Late last month, the Federal Circuit Court handed down significant penalties totaling $329,133 against online fashion start up Her Fashion Box Pty Ltd and its sole director Kathleen Purkis, in Fair Work Ombudsman v Her Fashion Box Pty Ltd & Anor [2019] FCCA 425. Judge Manousaridis found that Her Fashion Box had underpaid three young employees a total of $40,000 by way of contraventions around minimum hourly rates, annual leave, and overtime between 2013 and 2015. His Honour found that “the conduct constitutes serious and sustained contraventions of important provisions of the Fair Work Act”.
Judge Manousaridis found that one employee of Her Fashion Box had been unlawfully classified as an “unpaid intern” when she was in fact a part time employee, engaged in the business for 2 days a week, for six months. Unpaid internships are legitimate in limited circumstances, but generally, if the employee is performing productive work for an employer, and isn’t completing a vocational placement related to a course of study, they are lawfully entitled to be paid their minimum statutory entitlements as an employee. As Fair Work Ombudsman Sandra Parker stated on Friday: “Business operators cannot avoid paying lawful entitlements to their employees simply by labelling them as interns.” The law on unpaid work experience was considered in our former article from January last year.
The unpaid intern, Ms Va, was a tertiary educated graphic designer, who worked for Her Fashion Box creating the website, editing videos, creating electronic marketing campaigns, and generally performing work expected of an employee at the company. Under the Graphic Arts, Printing and Publishing Award 2010 (Graphic Arts Award) she was legally entitled to be paid $7,162, plus $647 in accrued annual leave for her period of employment. Instead Ms Va received a $1,000 Christmas bonus, and a promise of a full time employment contract which never eventuated.
Another graphic designer at Her Fashion Box was consistently underpaid over two years with the shortfalls in his entitlements under the Graphic Arts Award amounting to $15,511, whilst a brand partnership manager was underpaid $18,119 due to contraventions of the General Retail Industry Award 2010. Counsel for Ms Purkis submitted that she no prior management of any business, and that it was her lack of experience in managing and her lack of awareness of the industry that led to the position in which the business ultimately found itself. As such, the conduct was not deliberate but was due to “oversight and lack of awareness and appropriate advice.”
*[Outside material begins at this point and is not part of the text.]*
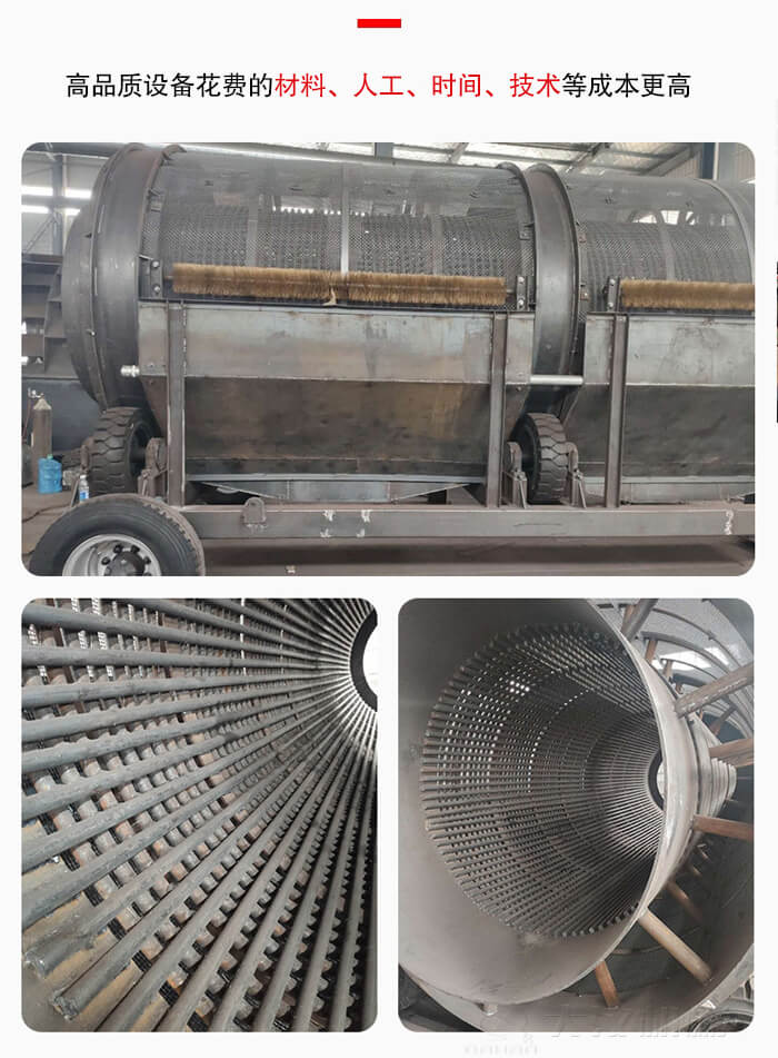 設(shè)備品質(zhì)是決定移動(dòng)滾筒篩價(jià)格的主要因素之一,質(zhì)量越好的設(shè)備做工更精細(xì),選材更用心,所以花費(fèi)的材料、人工、時(shí)間、技術(shù)等成本更高,其市場(chǎng)價(jià)格則會(huì)更高,成本自然而然就更高,其價(jià)格也會(huì)更貴,但是后期使用中效果(包括、、產(chǎn)量等方面優(yōu)勢(shì))也會(huì)更顯著,帶給用戶(hù)的利潤(rùn)價(jià)值更高。

However, the Court found that the underpayments were deliberate, and Ms Purkis knew that Her Fashion Box was not paying amounts to employees to which they were entitled to be paid for work they had performed. It was not the case that Ms Purkis had no knowledge that the employees were covered by any award. Instead Ms Purkis “knew that an award applied to the Employees of the First respondent and that the award contained minimum rates of pay and conditions” and during the FWO’s investigations maintained that the employees had definitely been paid the award wage. Judge Manousaridis ordered Ms Purkis to pay pecuniary penalties in the sum of $54,855.
Judge Manousaridis acknowledged that whilst Fashion Box admitted its contraventions, paid the money owed to the employees, and had ceased trading with unsecured debts of $200,000 outstanding, a substantial penalty was required as a deterrent for others. His Honour stated: “The penalty should be set at a level that, having regard to the other circumstances of the case, should signal to employers who might be tempted not to inquire into their legal obligations as employers or not to comply with their legal obligations, particularly in relation to inexperienced workers, that there is a significant risk of being exposed to the imposition of a pecuniary penalty if they are to succumb to such temptation.” Judge Manousaridis ordered Her Fashion Box to pay pecuniary penalties in the sum of $274,278.
Lessons for employers
In many sought after professions, such as journalism, fashion and even law, it might be commonplace for employees to give their time to employers without remuneration. For some workers, internships help them get their foot in the door, gain valuable experience, and can lead to a full time job offer. Some roles are legitimately primarily for the worker’s benefit, and are often largely based on observation, learning, training or skill development. However, if the work performed is mainly for the benefit of the company, or the work would otherwise be done by an employee, the practice of recruiting unpaid interns may be unlawful.
If you’re considering offering unpaid work experience or an internship, carefully consider the type of work to be done by the worker to ascertain if an employment relationship exists. Quite often, the unpaid intern might initiate the arrangement agreeing to be unpaid, and an employment contract drafted to reflect the unpaid arrangement. However, an employment relationship might still arise.
Additionally, as we discussed in our blog last month, quite often underpayments of employees can be the result of a genuine mistake in applying an industrial instrument, usually due to a lack of awareness or expertise regarding Australia’s complex industrial relations laws. However, the decision in Her Fashion Box is a reminder that deliberate contraventions of the Fair Work Act can lead to substantial penalties. Additionally, these penalties will still be applied despite the employer correcting the underpayments, ceasing trading, and having substantial debts, and its sole director having no income or assets.